Vehicle Storage in Costa Rica

Jul 1, 2017
by John

We needed to check the van into an Almacen Fiscal storage facility and suspend our vehicle temporary import permit (TIP) at the Aduana prior to flying home to the US, so we decided to stay at the Country Inn & Suites San Jose Aeropuerto for two nights, plenty of time to get everything in order. Two days before our flights, prior to checking in to the hotel, we drove around to see which storage facility we thought would be best suited for us, but became frustrated by the language barrier and big city traffic, gave up checking around, and decided to drop the van the next day at an Almacen Fiscal used by some of our friends.

Bright and early the day before our flight, we drove the nine kilometers from the hotel to the Almacen Fiscal and were promptly told by the lot security guard that the facility was closed and we couldn't drop off our van. He directed us to his associate near the main office and after a short discussion we determined that the closure was due to a holiday, fortunately only one day, and we could drop off the van the following morning after 8am. Oh joy! We had to drop off the van, visit the Aduana office to suspend our TIP, and make it to the airport in time for a 12:30 departure.  No problem, pura vida!

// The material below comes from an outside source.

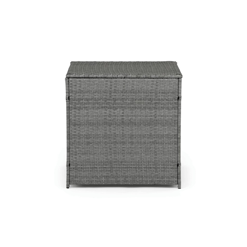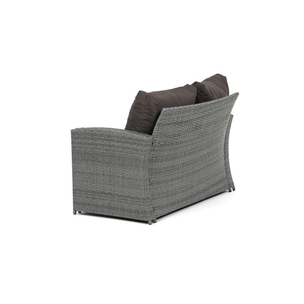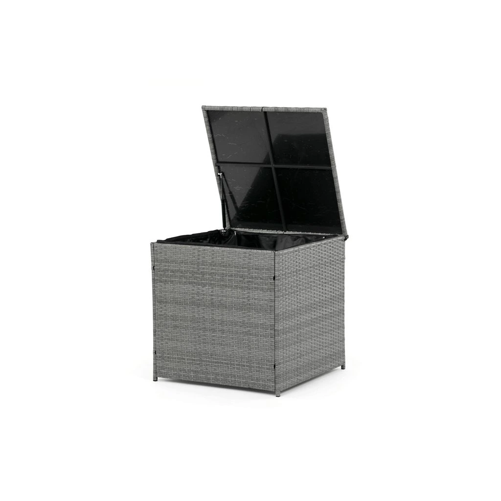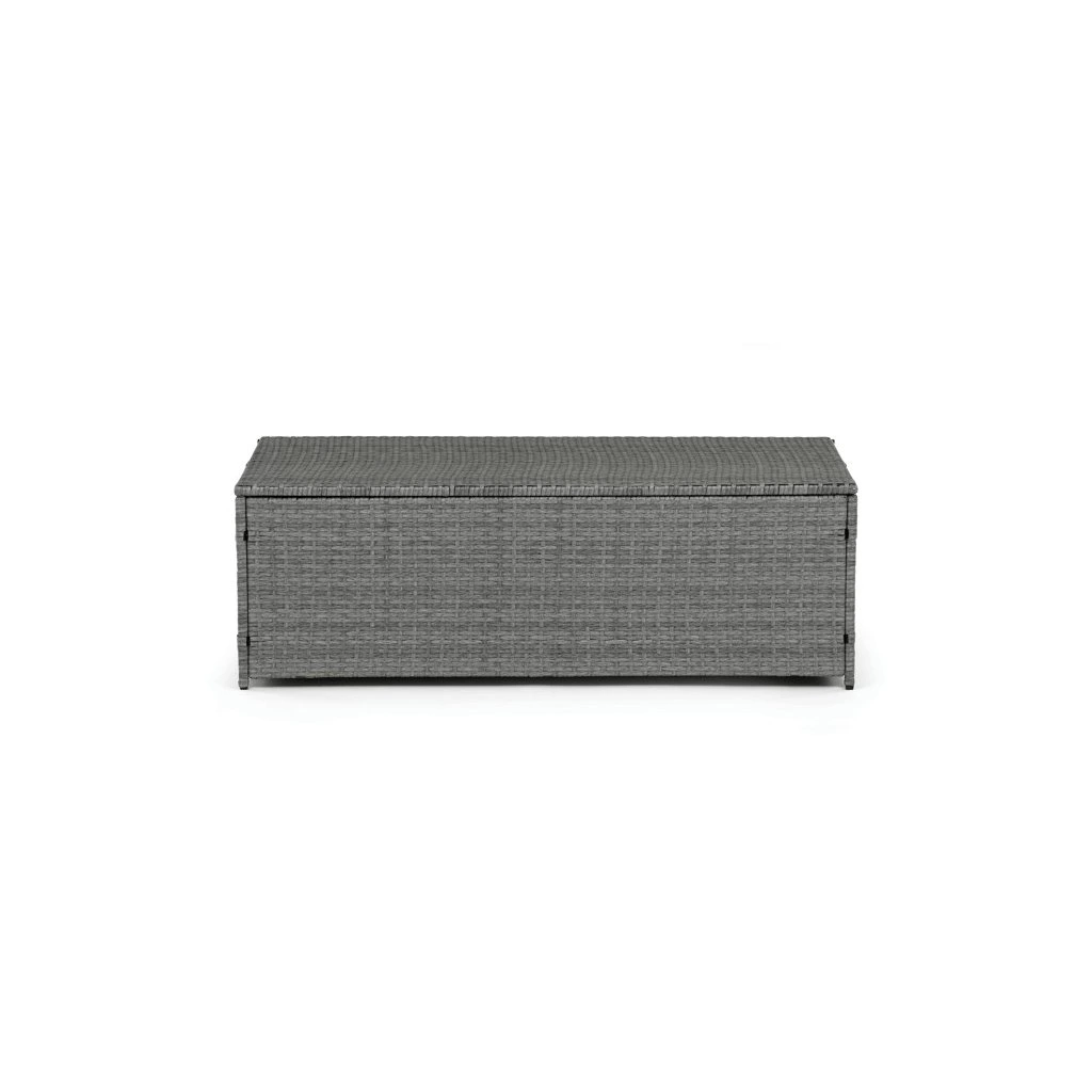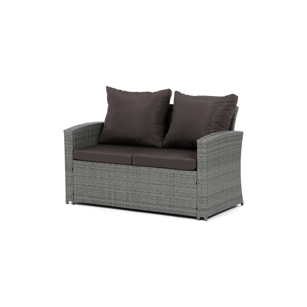 Zahradní sestava kombinuje moderní design s praktickými funkcemi pro pohodlné venkovní posezení. Pevný rám z kovu je opleten kvalitním šedým polyratanem, který je odolný vůči povětrnostním vlivům a snadno se udržuje. Sestava obsahuje dvěi samostatná křesla dvoumístnou a trojmístnou pohovku, všechny vybavené tmavě šedými polstrovanými sedáky a opěrkami pro zvýšení komfortu. Součástí je také stolek s víkem, pod kterým se nachází úložný prostor vhodný pro uskladnění polštářů nebo drobných zahradních doplňků. Variabilní konfigurace umožňuje sestavu přizpůsobit různým prostorům a potřebám, přičemž stabilní konstrukce zajišťuje dlouhodobou životnost a komfortní užívání.

Well, after a day of freaking out and trying to keep each other from losing our shit, it really was no problem-thankfully. While a massive runaround, the personnel at the Almacen Fiscal were super helpful, calling us a taxi and telling us how much it should cost to get to the Aduana. Even though when we arrived at the Aduana we were told that we would need to wait until the appropriate official had finished her coffee break, our paperwork was processed quickly enough for us to get to the airport by 10, seated at our gate by 10:30, and our flights went off without a hitch. In hindsight, we broke our own rule of checking the holidays for the country we are in. One little search could have saved us a ton of angst and anxiety. Even though we were able to store the van and catch our flight, we don't recommend doing it all in one day.

Storing the Van

We arrived at the storage facility early (Terminales Unidas), almost 45 minutes before they opened, and waited impatiently in the van. At 8:00 we entered the door at the far left of the building and started the process with one of the two Servicio Al Cliente clerks sitting behind the safety glass. We explained that we needed to store our vehicle and showed him our TIP. He typed our information into a system which generated a document and then instructed us to take the document to someone in the adjoining lot to be completed. We already knew we wanted to store our van in the secured lot, which is further away, so after badly explaining this in Spanish we were directed to another person who was in charge of that lot. He was busy using a forklift to unload a truck but a random supervisor walking by took pity on the stressed out gringos and asked him to handle us first.

Terminales Unidas, San Jose, Costa Rica

Not exactly what we were expecting

We were instructed to drive the van into the adjoining lot, even though that was not where it was to be stored, so it could be inspected and photographed before being signed off on. To our surprise, and contrary to everything we had been told by other overlanders, we were asked if we were going to leave our keys or take them with us. This caused us a bit of confusion. We had repacked the van in an effort to secure all of the stuff 'we couldn't live without' in the days leading up to storing the van, so we asked if the question could be repeated. Yup, we were given the option to take our keys with us...which we did. This is huge to those of us that live in a van, handing over our keys would have given the recipient access to pretty much everything we own, excluding the things we had locked into cabinets.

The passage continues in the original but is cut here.